Aim of the exercise: Word for word, write the lines below out again, with no pictures.

Supplied records:
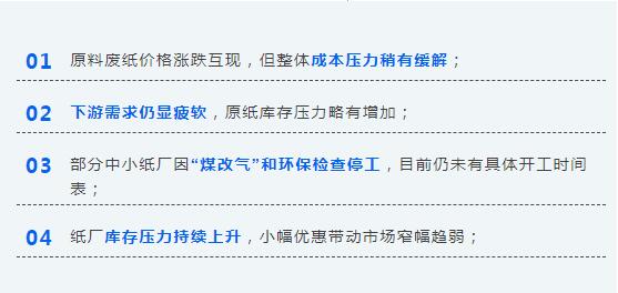 本周瓦楞紙、箱板紙市場價格大勢維穩運行。規模紙廠多數持穩運行,個別紙廠實單成交略有優惠,整體出貨情況一般,廣東地區受“煤改氣”影響,產量供應較前期有很大程度的縮減,瓦楞紙價格普遍實單優惠,幅度在50-100元/噸。
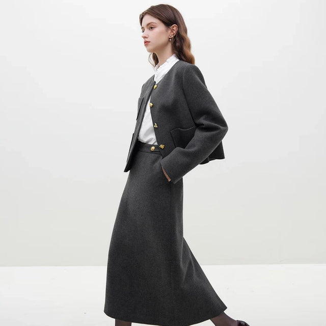 Wollmantel + Rock-Set im koreanischen Stil für stilvolle Frauen
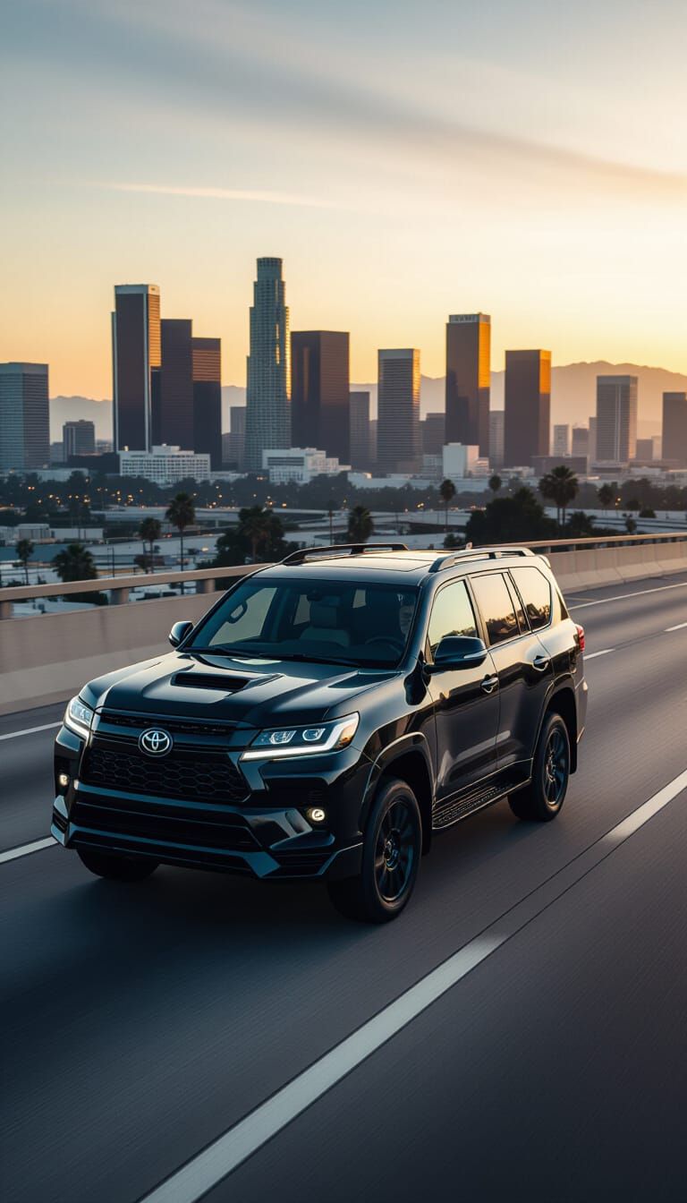 This image shows a sleek black Toyota Land Cruiser Mini GR Sport speeding along a Los Angeles freeway during sunset. The cityscape is visible in the background, rendered with hyperrealistic detail.
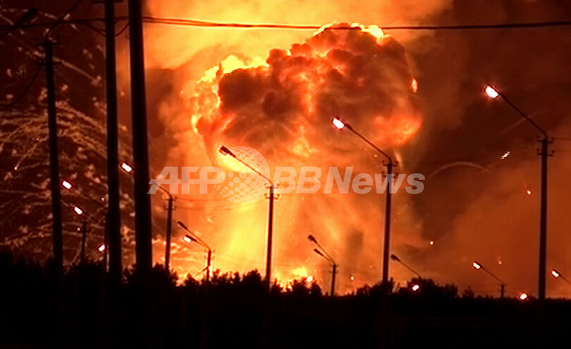 地元メディア報道によると、武器庫には廃棄予定の砲弾などTNT火薬58トン相当が保管されていた。3日になっても爆発と火災は続いており、テレビでは現場から火の玉が上がる様子や、黒煙が立ち上る様子が報じられている。露非常事態省によるとこれまでに30人が負傷、子ども1人を含む9人がやけどなどで入院した。(c)AFP
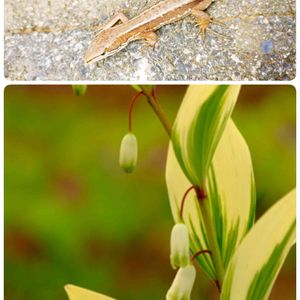こんにちは。 ⬆️うちの子 カナヘビさん 先日は幼体の子が。 今回 大人の子が出てきてくれました。🦎可愛い🦎💖 ⬇️おきょうさんの 『空耳アワー』 アマドコロ→尼のドクロ💀 きゃ〜😱何があったの⁉ホラーだわ。 アマドコロ前に撮ったなぁと探すも携帯pic有り過ぎて見つけられず pic趣味の園芸から
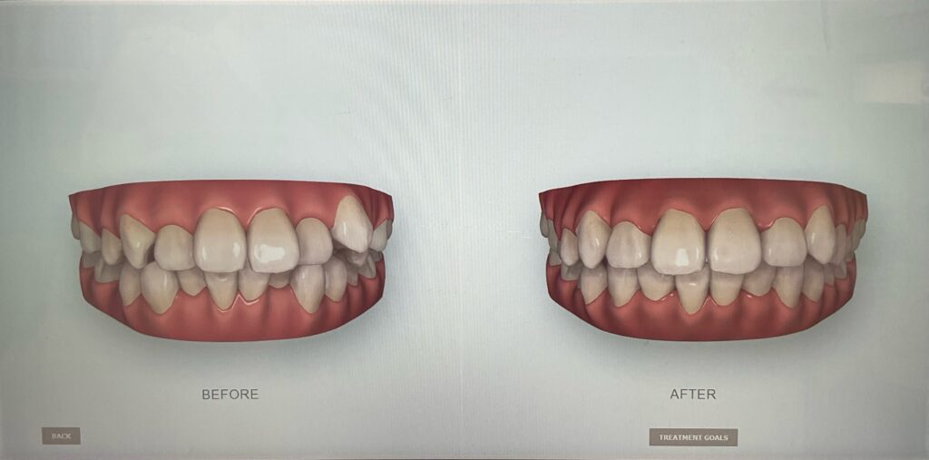 マウスピース矯正治療では、治療開始前にコンピューターシュミレーションにより、最終の歯列のイメージ(シュミレーション)が、されることが多く治療の見通しが立てやすいです。これは、3Dシュミレーション技術により、治療前と治療後の状態をイメージすることができます。また、口腔内の精密スキャン分析することによって、各段階で歯がどのように移動するかをシュミレーションすることができます。このことは、患者様へのモチベーション向上にも大きく役立っています。
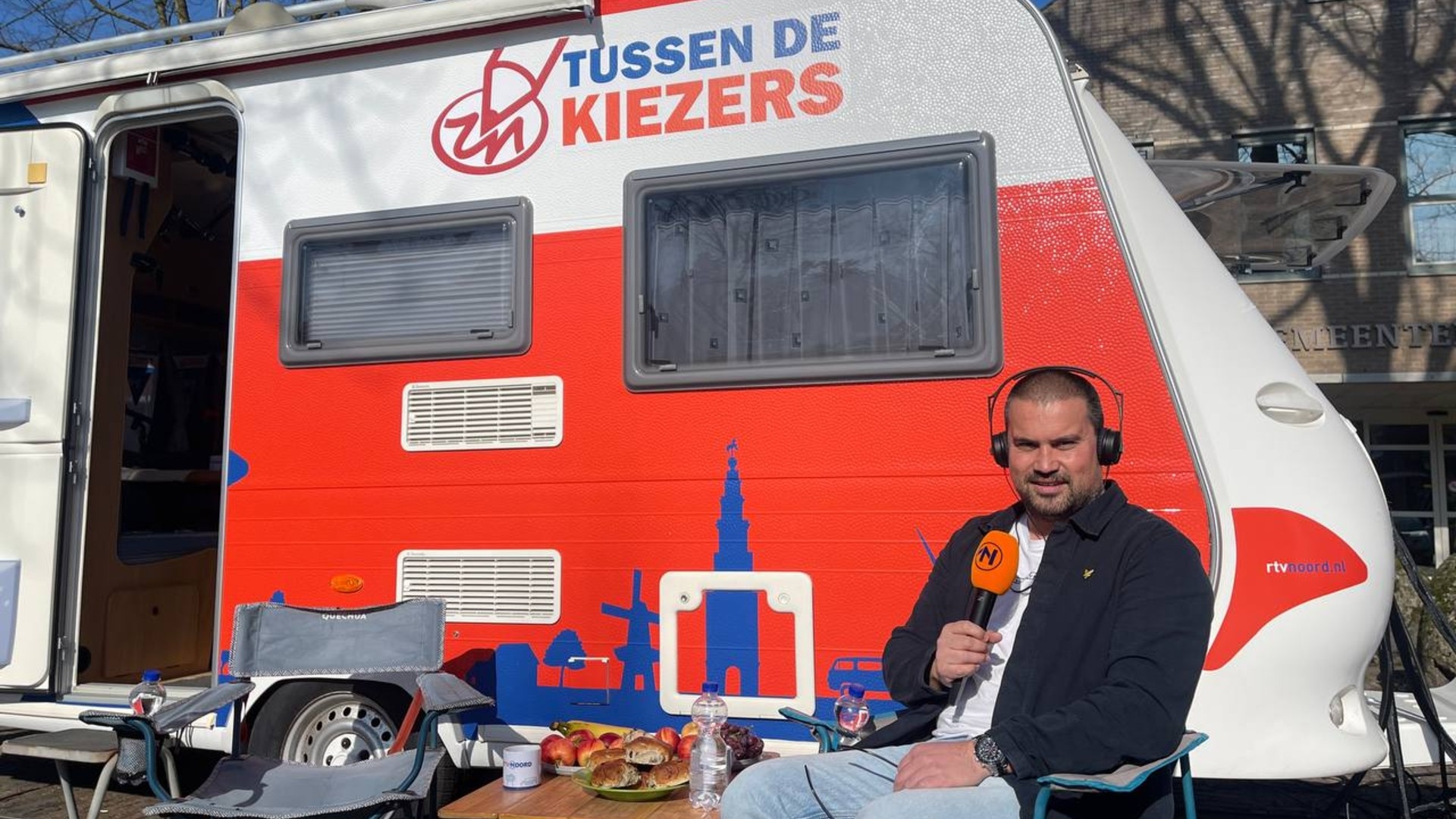 Niiwino Geertsema toert met een caravan door onze provincie vanwege de gemeenteraadsverkiezingen. Van Pekela tot Groningen: elke dag stallen we onze caravan in de buurt van een gemeentehuis om te praten met inwoners, de burgemeester en kandidaat-raadsleden. Vandaag zijn we in Sellingen.
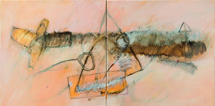 Diptychon „crossover“, 2013 | Acrylfarbe, Pastell auf Leinwand | je 40 x 40 cm
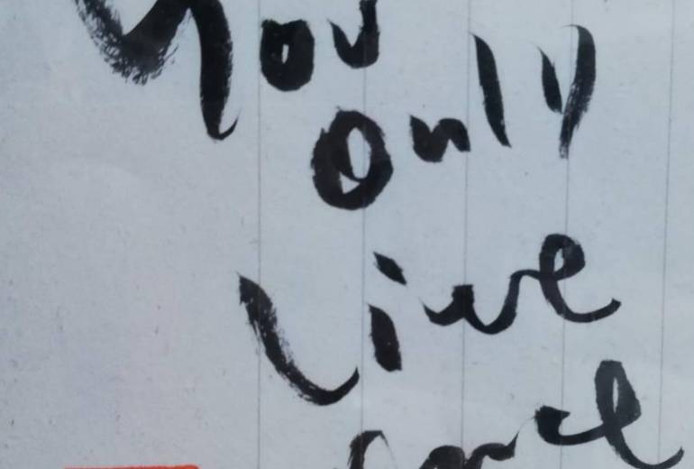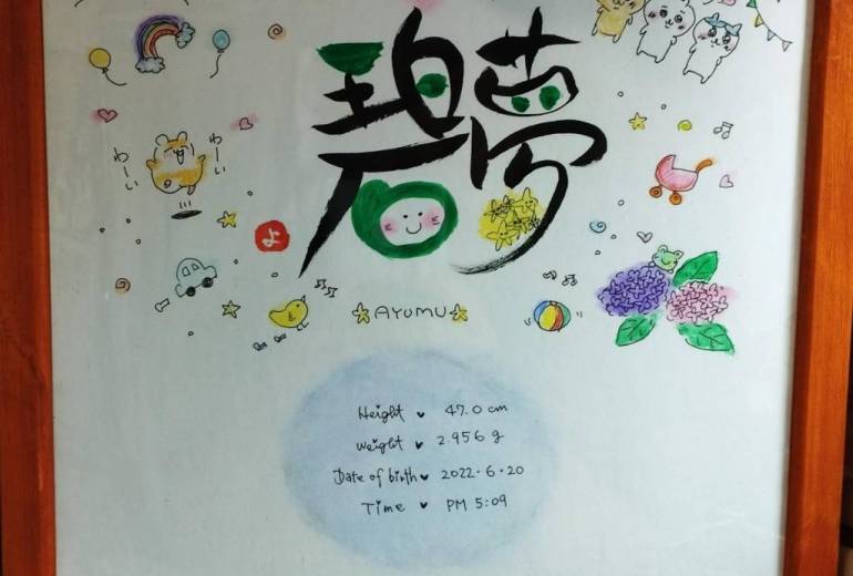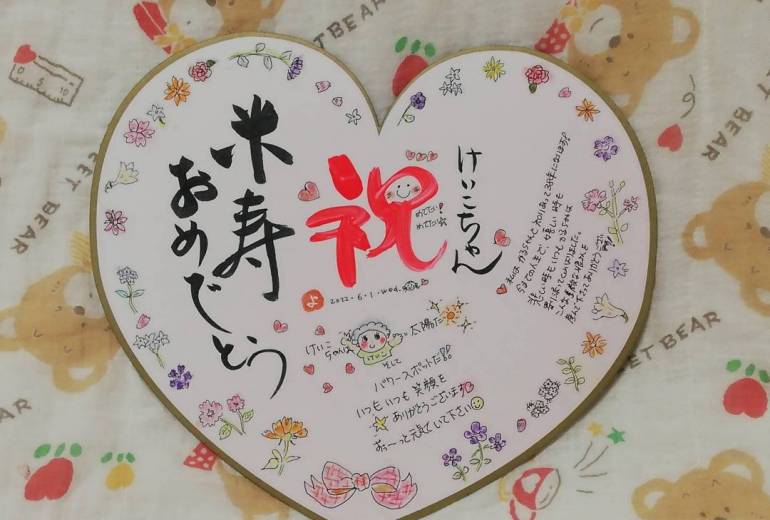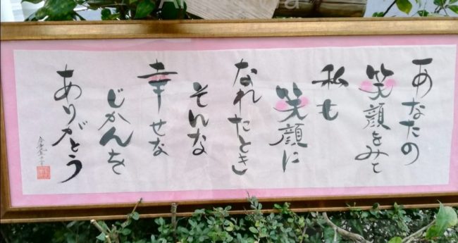 私が、障害者となり、初めてリハビリ室に行った時、そこは濃いグレーの絵の具で描かれた暗い世界でした。自由に動けない私にうんざりし、放置されては、シクシク泣く日々でした。厳しいリハビリを乗り越え、再び筆を持つ事が出来たとき、私の作品を見て感動して下さる同じ障害のお友達がいました。そこで、私は、リハビリ室に作品を置かせて頂けたなら、より多くの方を笑顔にできるかもしれないと思い、笑顔になるような作品を目指して、作成致しました。この作品は、お世話になった病院のリハビリ室に飾って下さっています。
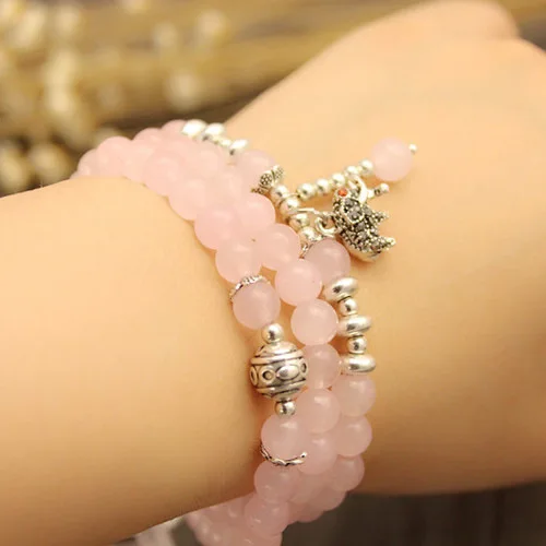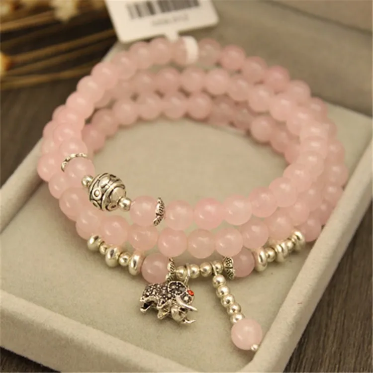 Natural Rose Quartz Crystal Stone Korea Fashion Beaded Bracelets Silver Color Elephant Pendant Great Friends Gift
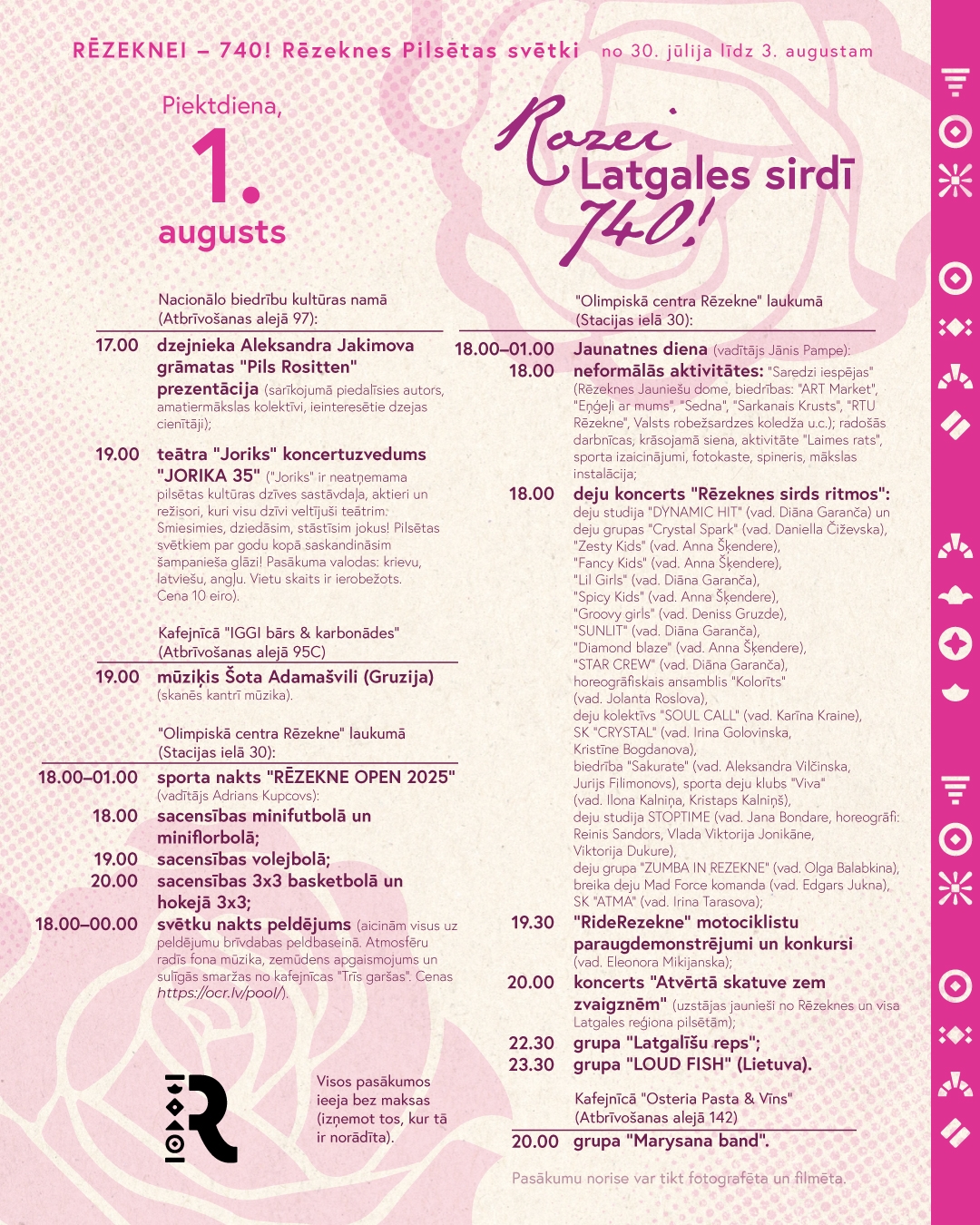Пятница, 1 августа, будет посвящена театру, спорту и молодежи. Театр "Йорик" в 19-00 приглашает на концертное представление "Йорику 35" (стоимость билетов 10 евро). Также в 19-00 на площади Резекненского Олимпийского центра начнется грандиозный день молодежи с неформальными мероприятиями "Увидь возможности!" и творческими мастерскими. Можно будет порадоваться талантам наших ребят - танцевальному концерту "В ритмах сердца Резекне" и концерту "Открытая сцена под звездами". Молодежь оценит показательные выступления мотоциклистов "RideRezekne", а также выступления групп “Latgalīšu reps” и “Loud Fish” (Литва). С 18-00 до 01-00 пройдет и традиционная спортивная ночь “Rēzekne Open 2025” (соревнования по мини-футболу и мини-флорболу, волейболу, баскетболу 3×3 и хоккею 3×3, подай заявку).
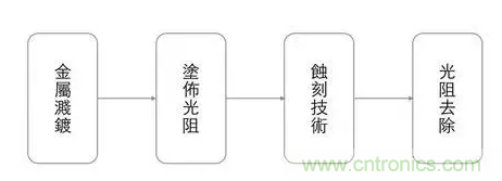 金屬濺鍍:將欲使用的金屬材料均勻?yàn)⒃诰A片上,形成一薄膜。

Reply to the task:
 本周瓦楞紙、箱板紙市場價格大勢維穩運行。規模紙廠多數持穩運行,個別紙廠實單成交略有優惠,整體出貨情況一般,廣東地區受“煤改氣”影響,產量供應較前期有很大程度的縮減,瓦楞紙價格普遍實單優惠,幅度在50-100元/噸。
 Wollmantel + Rock-Set im koreanischen Stil für stilvolle Frauen
 This image shows a sleek black Toyota Land Cruiser Mini GR Sport speeding along a Los Angeles freeway during sunset. The cityscape is visible in the background, rendered with hyperrealistic detail.
 地元メディア報道によると、武器庫には廃棄予定の砲弾などTNT火薬58トン相当が保管されていた。3日になっても爆発と火災は続いており、テレビでは現場から火の玉が上がる様子や、黒煙が立ち上る様子が報じられている。露非常事態省によるとこれまでに30人が負傷、子ども1人を含む9人がやけどなどで入院した。(c)AFP
こんにちは。 ⬆️うちの子 カナヘビさん 先日は幼体の子が。 今回 大人の子が出てきてくれました。🦎可愛い🦎💖 ⬇️おきょうさんの 『空耳アワー』 アマドコロ→尼のドクロ💀 きゃ〜😱何があったの⁉ホラーだわ。 アマドコロ前に撮ったなぁと探すも携帯pic有り過ぎて見つけられず pic趣味の園芸から
 マウスピース矯正治療では、治療開始前にコンピューターシュミレーションにより、最終の歯列のイメージ(シュミレーション)が、されることが多く治療の見通しが立てやすいです。これは、3Dシュミレーション技術により、治療前と治療後の状態をイメージすることができます。また、口腔内の精密スキャン分析することによって、各段階で歯がどのように移動するかをシュミレーションすることができます。このことは、患者様へのモチベーション向上にも大きく役立っています。
 Niiwino Geertsema toert met een caravan door onze provincie vanwege de gemeenteraadsverkiezingen. Van Pekela tot Groningen: elke dag stallen we onze caravan in de buurt van een gemeentehuis om te praten met inwoners, de burgemeester en kandidaat-raadsleden. Vandaag zijn we in Sellingen.
 Diptychon „crossover“, 2013 | Acrylfarbe, Pastell auf Leinwand | je 40 x 40 cm
 私が、障害者となり、初めてリハビリ室に行った時、そこは濃いグレーの絵の具で描かれた暗い世界でした。自由に動けない私にうんざりし、放置されては、シクシク泣く日々でした。厳しいリハビリを乗り越え、再び筆を持つ事が出来たとき、私の作品を見て感動して下さる同じ障害のお友達がいました。そこで、私は、リハビリ室に作品を置かせて頂けたなら、より多くの方を笑顔にできるかもしれないと思い、笑顔になるような作品を目指して、作成致しました。この作品は、お世話になった病院のリハビリ室に飾って下さっています。
 Natural Rose Quartz Crystal Stone Korea Fashion Beaded Bracelets Silver Color Elephant Pendant Great Friends Gift
Пятница, 1 августа, будет посвящена театру, спорту и молодежи. Театр "Йорик" в 19-00 приглашает на концертное представление "Йорику 35" (стоимость билетов 10 евро). Также в 19-00 на площади Резекненского Олимпийского центра начнется грандиозный день молодежи с неформальными мероприятиями "Увидь возможности!" и творческими мастерскими. Можно будет порадоваться талантам наших ребят - танцевальному концерту "В ритмах сердца Резекне" и концерту "Открытая сцена под звездами". Молодежь оценит показательные выступления мотоциклистов "RideRezekne", а также выступления групп “Latgalīšu reps” и “Loud Fish” (Литва). С 18-00 до 01-00 пройдет и традиционная спортивная ночь “Rēzekne Open 2025” (соревнования по мини-футболу и мини-флорболу, волейболу, баскетболу 3×3 и хоккею 3×3, подай заявку).
 金屬濺鍍:將欲使用的金屬材料均勻?yàn)⒃诰A片上,形成一薄膜。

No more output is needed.